About this exercise:
Omit all pictures, then retype exactly the lines from the one that contains "Данные о длине" through the end of the listing.

Provided records:
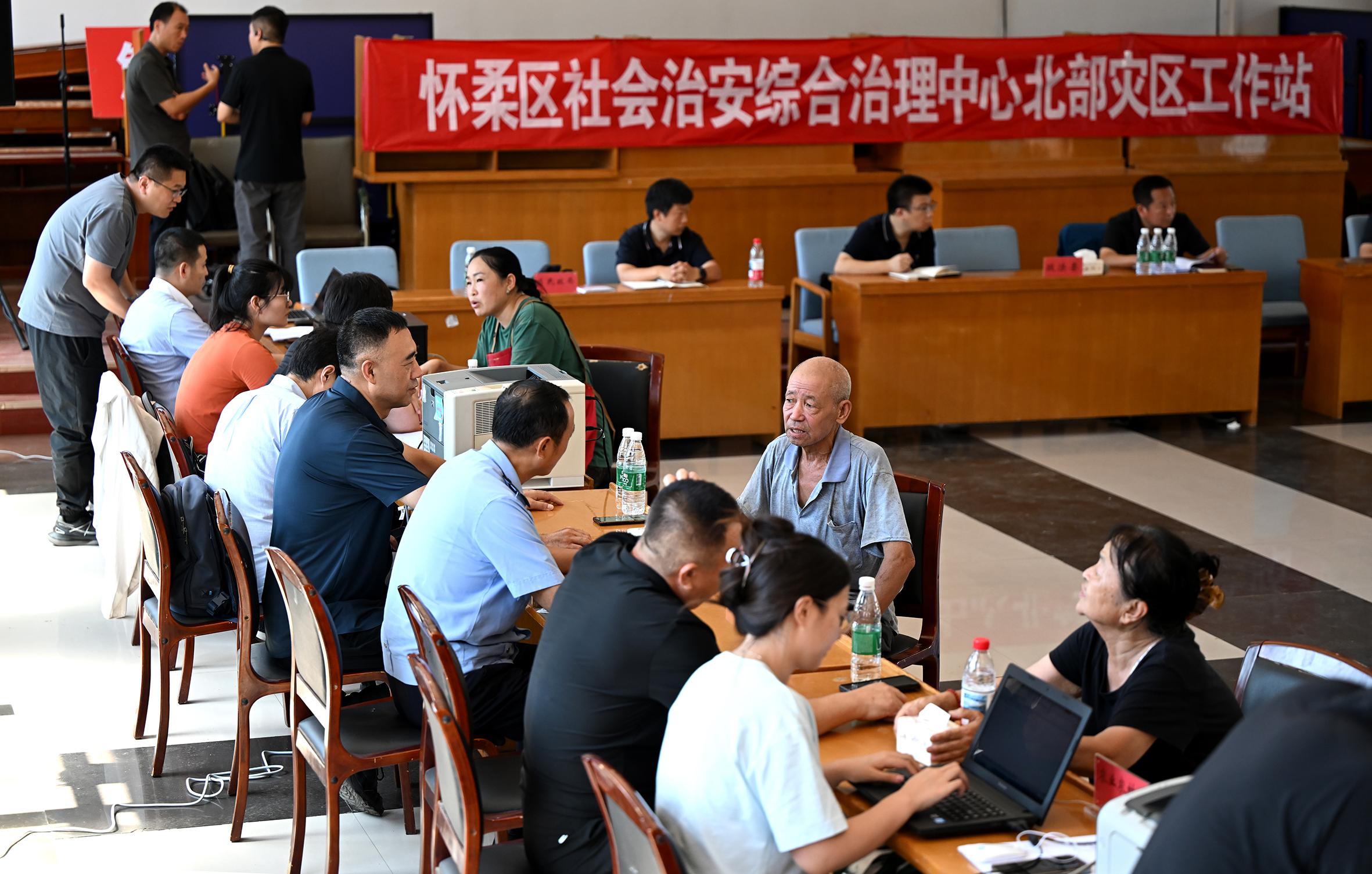 “回村一下車,沒想到有這么多政府部門的工作人員在這兒,看到他們,心里就不慌了。”8月6日,剛從北京市懷柔區(qū)轉(zhuǎn)移安置點返回家園的村民孫大媽感慨。與孫大媽一同“抵達”的,還有一家臨時“綜治中心”,在當天正式運行。此前,懷柔區(qū)依托綜治中心機制模式,在受災(zāi)嚴重的琉璃廟鎮(zhèn)成立了由區(qū)委政法委牽頭、多部門協(xié)同聯(lián)動的政策咨詢服務(wù)中心,向前一步主動服務(wù)受災(zāi)群眾。
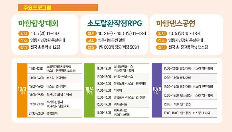 부대프로그램 : 마한합창대회, 렉처콘서트(최태성), 마한댄스공연, 지역농악, 신나는 예술버스, 백제역사유적지구 세계유산등재 10주년 기념 음악회 및 시민의날 가요제
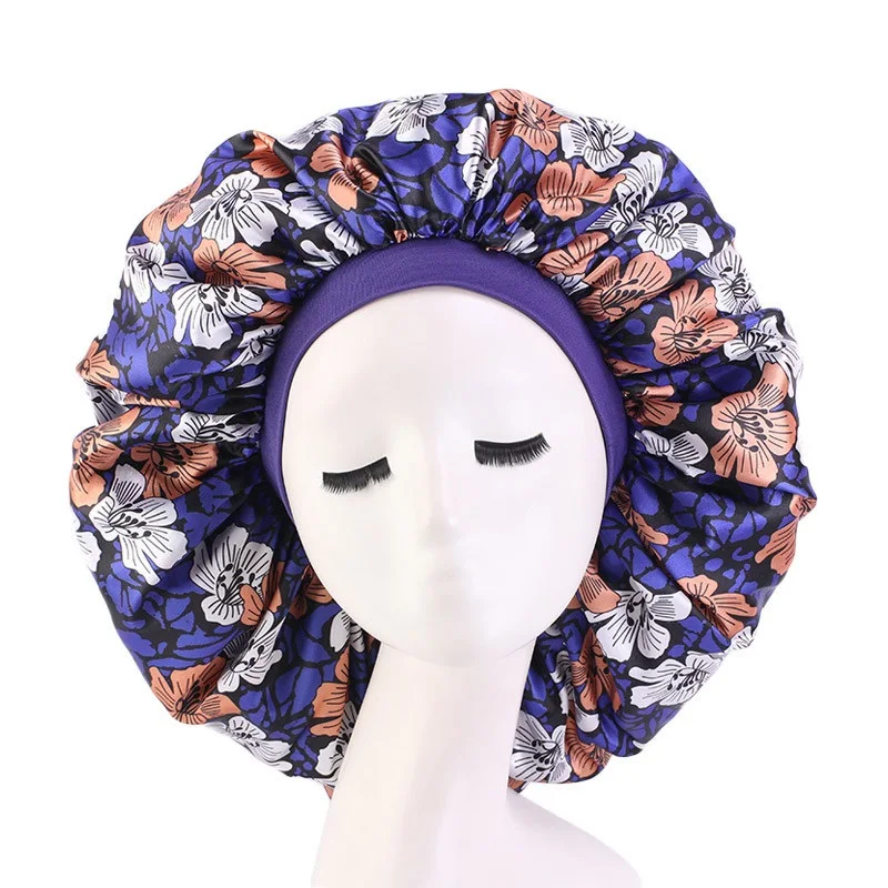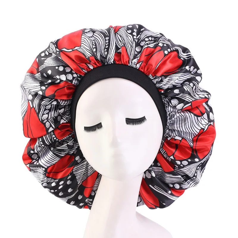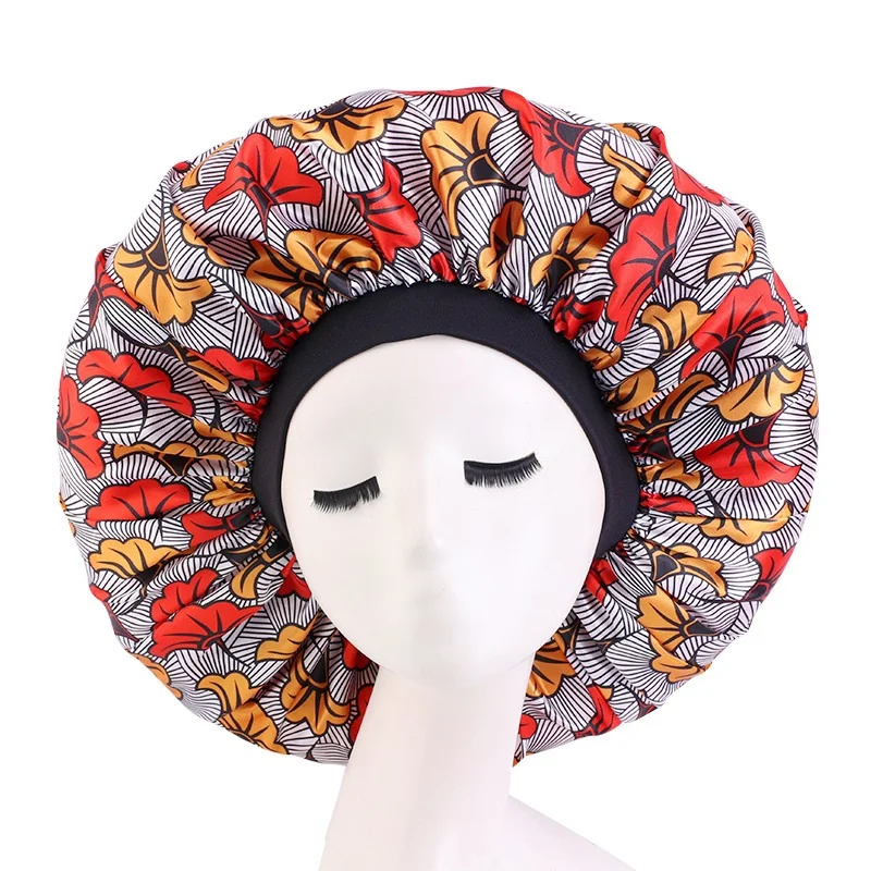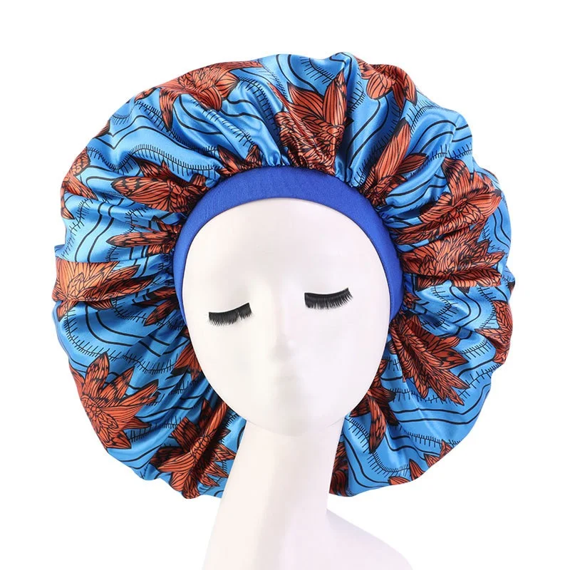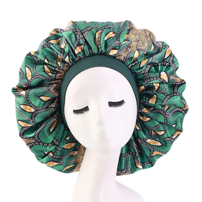 Extra Large Elastic Band Women Head Wrap Satin Bonnet Sleep Cap African Pattern Print Bonnet Ladies Night Cap Turban Chemo Hat
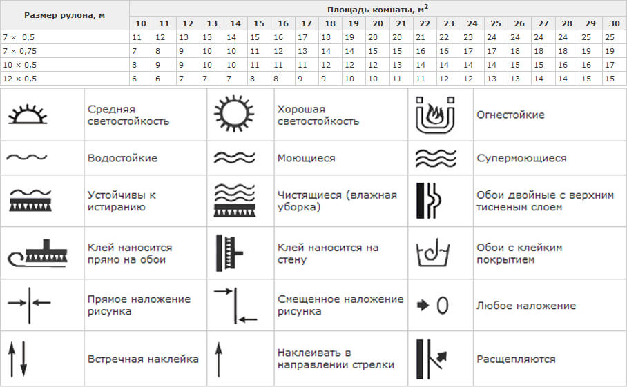 Данные о длине рулона, высоте рапорта и смещения можно узнать по маркировке, указанной производителем на упаковке.
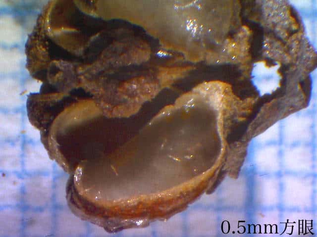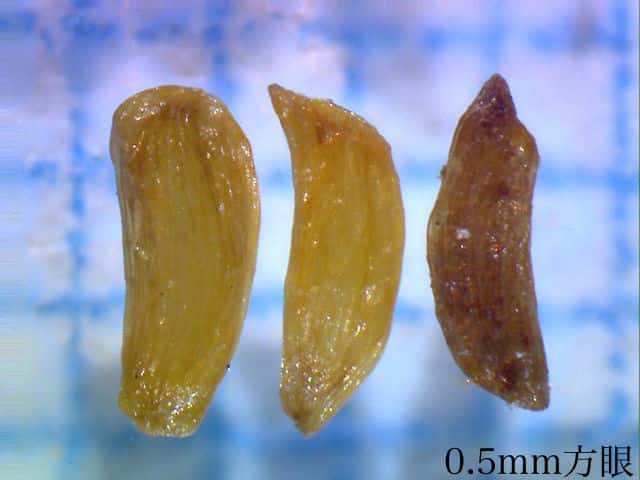 | ▼種子の出てしまった果実内部。 | ▼種子は長さ約1.2mm。 | |

Result:
 Данные о длине рулона, высоте рапорта и смещения можно узнать по маркировке, указанной производителем на упаковке.
 | ▼種子の出てしまった果実内部。 | ▼種子は長さ約1.2mm。 | |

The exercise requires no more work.